The reason is the context window. Most AI models have a context window of about one million tokens per query, and in practice, you don’t want to load more than 250K because you need room for the conversation history. A single call transcript runs 9,000+ tokens. Do the math: if you have 200 deals and each has three call transcripts, you’re looking at 5.4 million tokens just for the raw data — more than five times the model’s limit.

So what happens? The agent looks at the first 10 deals, gives you an answer on those, and quietly ignores the other 190. It doesn’t tell you it only checked 5% of what you asked about. It just gives you a confident, incomplete answer.

This is the context engineering problem that the AI community has been talking about. And it was one of the hardest things we had to solve.

Our approach: we pre-process aggressively. When you first connect your systems to Von, we deploy hundreds of thousands of specialized agents that build a comprehensive view of every deal, every account, every relationship. Then we re-run those agents every night to keep everything current. This means when you ask a Category 4 question, we’re not trying to read thousands of raw transcripts in real time — we already have the distilled intelligence ready to go.

Category 5: Analysis (the question everyone actually asks first)

"Why are we losing deals for Product X in EMEA?"

Here’s the most surprising thing we’ve learned: when people get access to a SalesGPT, they don’t start with simple questions. They don’t ask about win rates or individual deals. They jump straight to Category 5 — the hardest analytical question on their mind.

“Why are we winning? Why are we losing?”

To answer this, the system needs to do a Category 4 search across all your won and lost deals over the past year, then analyze that data to find patterns and trends. It’s not retrieval anymore — it’s genuine analysis.

What most AI systems do here is sample. They’ll pull 10 won deals and 10 lost deals, load everything into a single context window, and generate an answer. The first time you see it, it looks impressive. The second time, you realize it’s shallow — because it looked at less than 1% of your deals and treated that as the whole picture.

We solved this by giving the agent something most AI systems don’t have: its own compute environment. When Von tackles a Category 5 question, it spins up an isolated cloud sandbox — an ephemeral virtual machine with its own file system, a stateful code execution kernel, and the ability to write and run its own Python scripts.

That’s the key thing to understand about Category 5: these queries are genuinely compute-intensive. Von can run for hours on a single analysis, iterating across your entire book of business, writing and executing its own code, accumulating evidence in files — and it never loses progress. There is no other system in the world that does this today.

Category 6: Action

"Find every customer I lost to pricing last year who was deep in the conversation. Write each of them a personalized win-back email and add them to an Outreach sequence."

Every sales leader will tell you the same thing: insights are great, but I need to do something with them.

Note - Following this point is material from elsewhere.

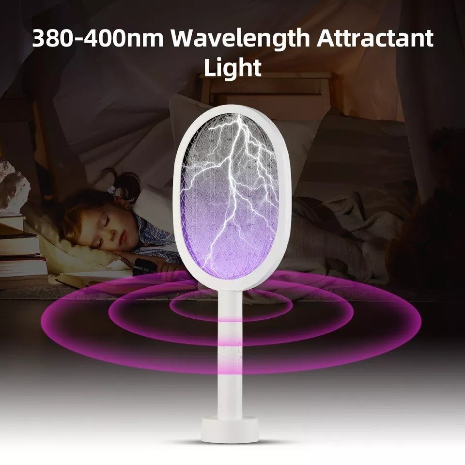 Powerful and efficient: Equipped with a 4000V high-voltage power grid, it can continuously impact 50 times without the need for multiple waves, only one swing is needed. The built-in ultraviolet lamp beads emit purple light at night, causing them to actively approach the electric racket and immediately receive an electric shock

Category 6 means the AI doesn’t just find and analyze — it acts. And the critical nuance here is what it acts on. For a question like the one above, you don’t want the system looking at the “Closed Lost Reason” field in Salesforce — because half your reps pick from a dropdown without thinking. You want it identifying pricing as the real blocker based on what actually happened in calls and emails. That’s a Category 5 analysis that feeds directly into action.

Then it needs to write a personalized win-back email for each of those accounts — not a mail merge template, but outreach that references the specific conversation, the specific objection, and why now is different. Then it needs to push those contacts into the right Outreach sequence, update the CRM records, and log what it did.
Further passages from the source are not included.